Give a verbatim copy of the data, leaving the pictures out.

------ SUPPLIED DATA ------

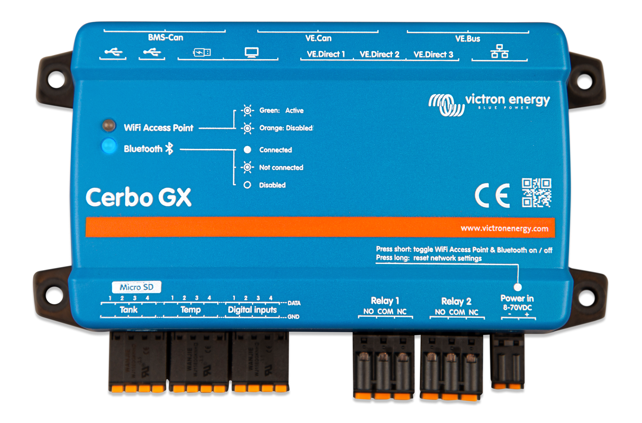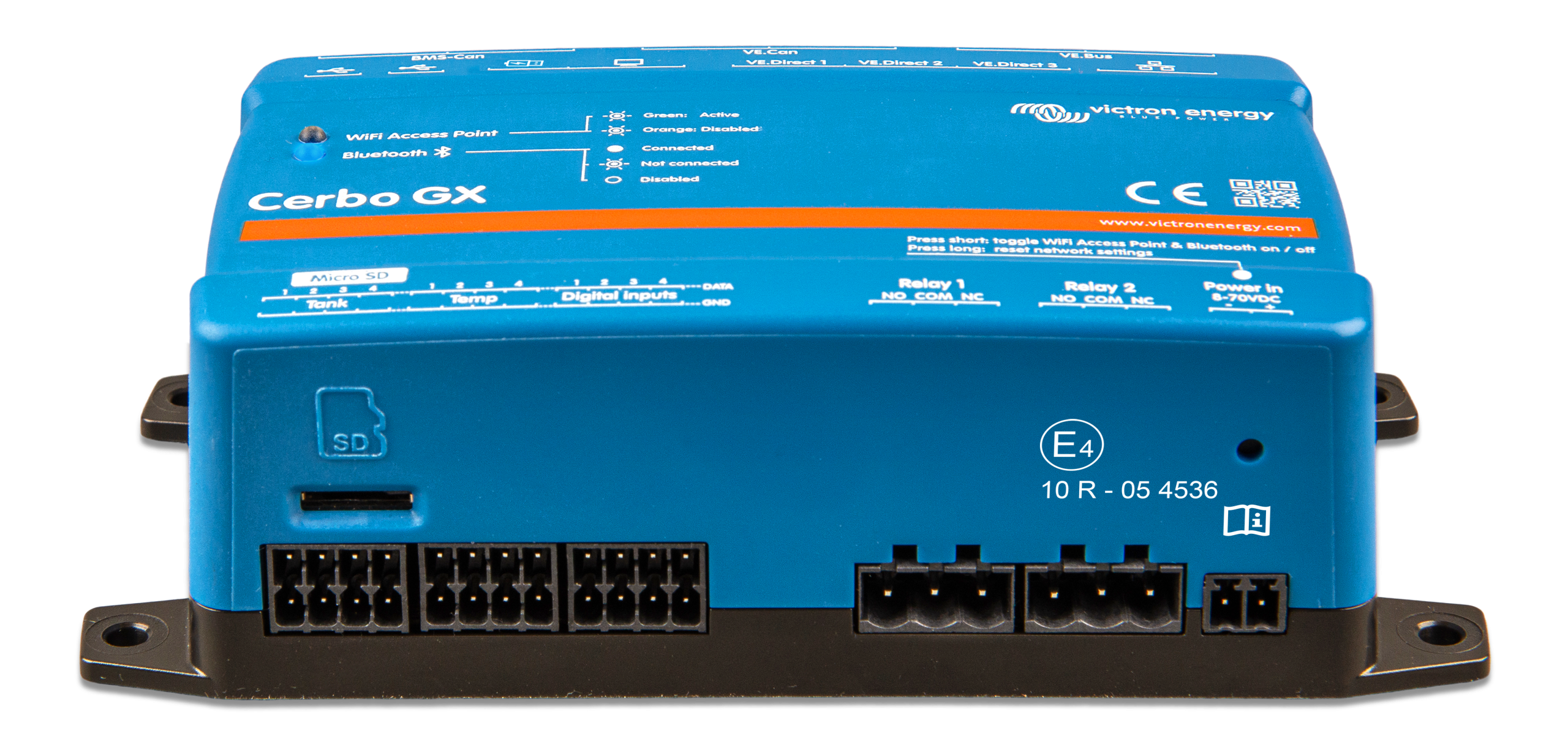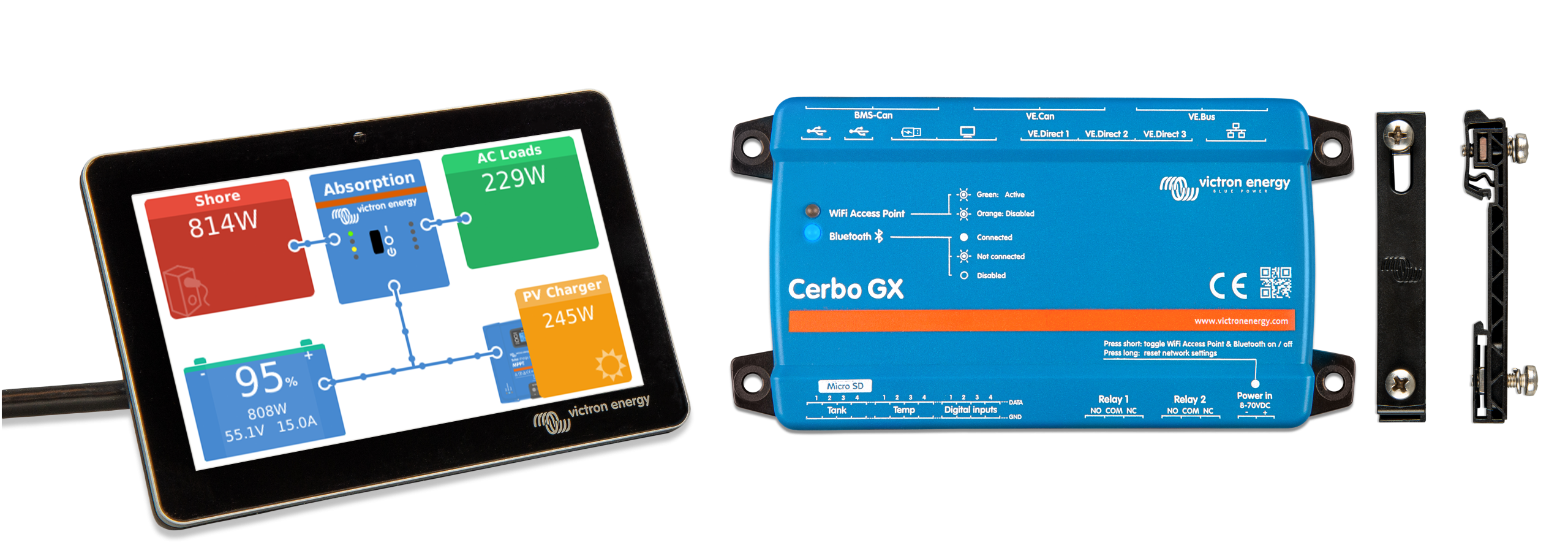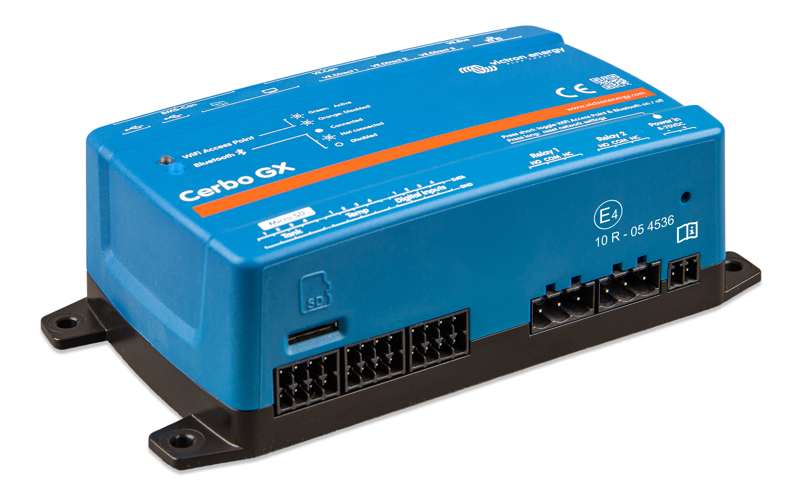 • Integración con otros dispositivos: El Cerbo GX se integra con una amplia gama de dispositivos, incluyendo sensores de temperatura, medidores de tanques y sistemas de gestión de baterías. Compatibilidad con MFD marinos.
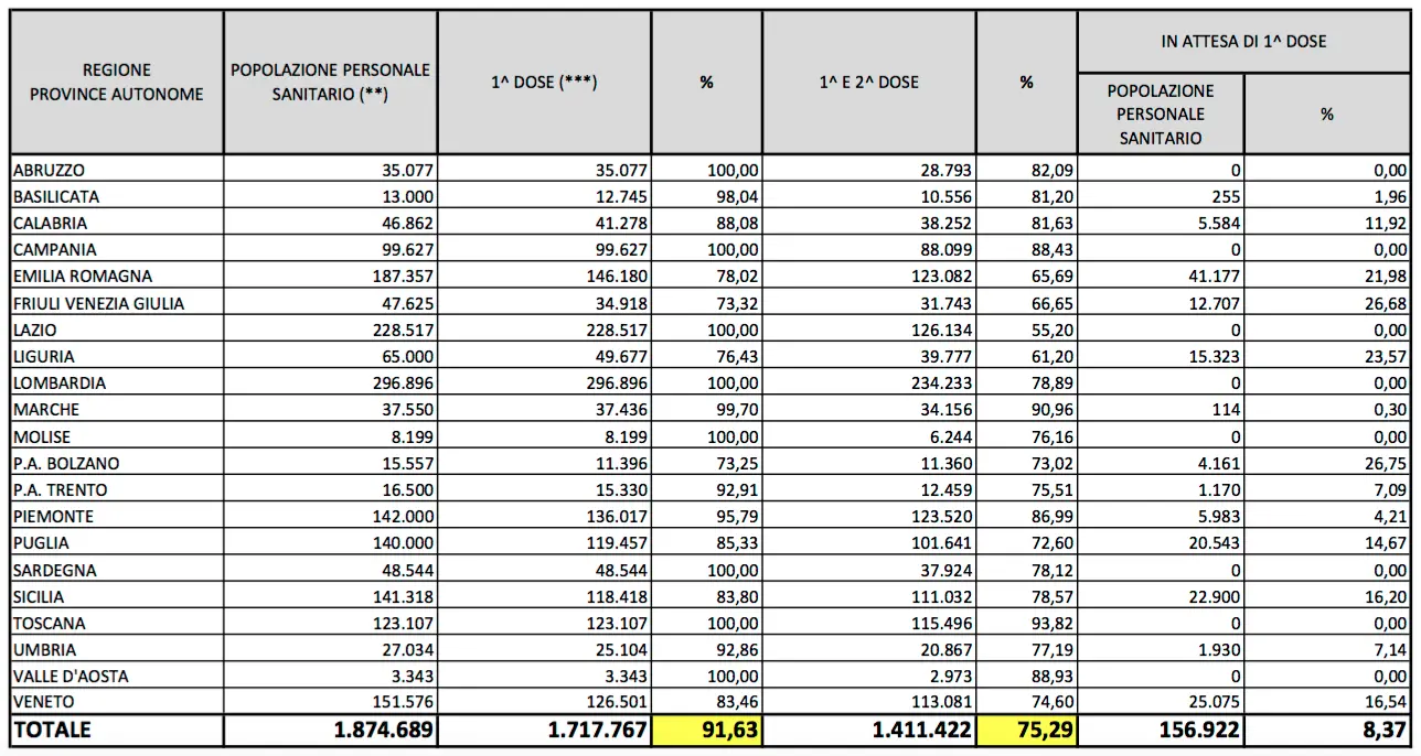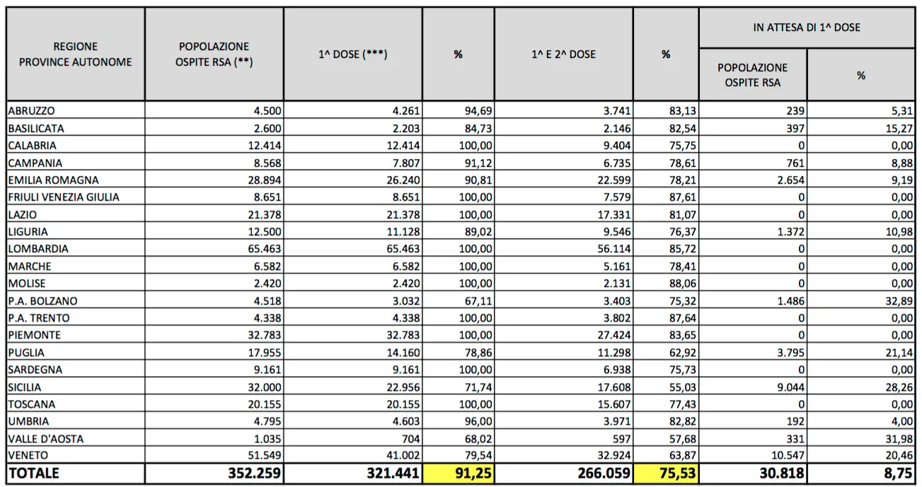 L’unica categoria messa quasi al sicuro è quella degli ospiti delle Rsa. In questo caso su 12.414 che vengono curati nelle case per anziani, 12.414 hanno ricevuto la prima dose (100 per cento) e 9.404 hanno avuto le due dosi (75m75 per cento). Mancano dunque 3.010 somministrazioni per completare tutta la fascia “ospiti Rsa”.
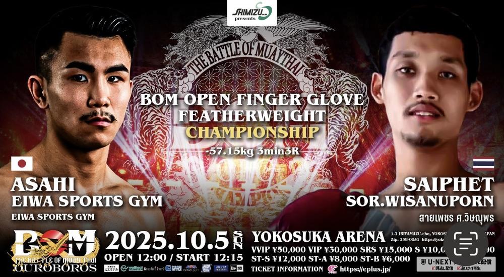 2025年10月5日(日)神奈川・横須賀アリーナ『Shimizu presents BOM OUROBOROS 2025』(U-NEXT配信)の追加対戦カードと一部対戦カードの変更が発表された。  現在、脅威の39連勝中で11月のONE日本大会では、新設されるONEアトム級ムエタイ初代世界王座決定戦に臨む名高・エイワスポーツジム(=吉成名高/エイワスポーツジム)が出場、ダウサヤーム・ウォーワンチ

------

*WRITTEN RESPONSE*.
 • Integración con otros dispositivos: El Cerbo GX se integra con una amplia gama de dispositivos, incluyendo sensores de temperatura, medidores de tanques y sistemas de gestión de baterías. Compatibilidad con MFD marinos.
 L’unica categoria messa quasi al sicuro è quella degli ospiti delle Rsa. In questo caso su 12.414 che vengono curati nelle case per anziani, 12.414 hanno ricevuto la prima dose (100 per cento) e 9.404 hanno avuto le due dosi (75m75 per cento). Mancano dunque 3.010 somministrazioni per completare tutta la fascia “ospiti Rsa”.
 2025年10月5日(日)神奈川・横須賀アリーナ『Shimizu presents BOM OUROBOROS 2025』(U-NEXT配信)の追加対戦カードと一部対戦カードの変更が発表された。  現在、脅威の39連勝中で11月のONE日本大会では、新設されるONEアトム級ムエタイ初代世界王座決定戦に臨む名高・エイワスポーツジム(=吉成名高/エイワスポーツジム)が出場、ダウサヤーム・ウォーワンチ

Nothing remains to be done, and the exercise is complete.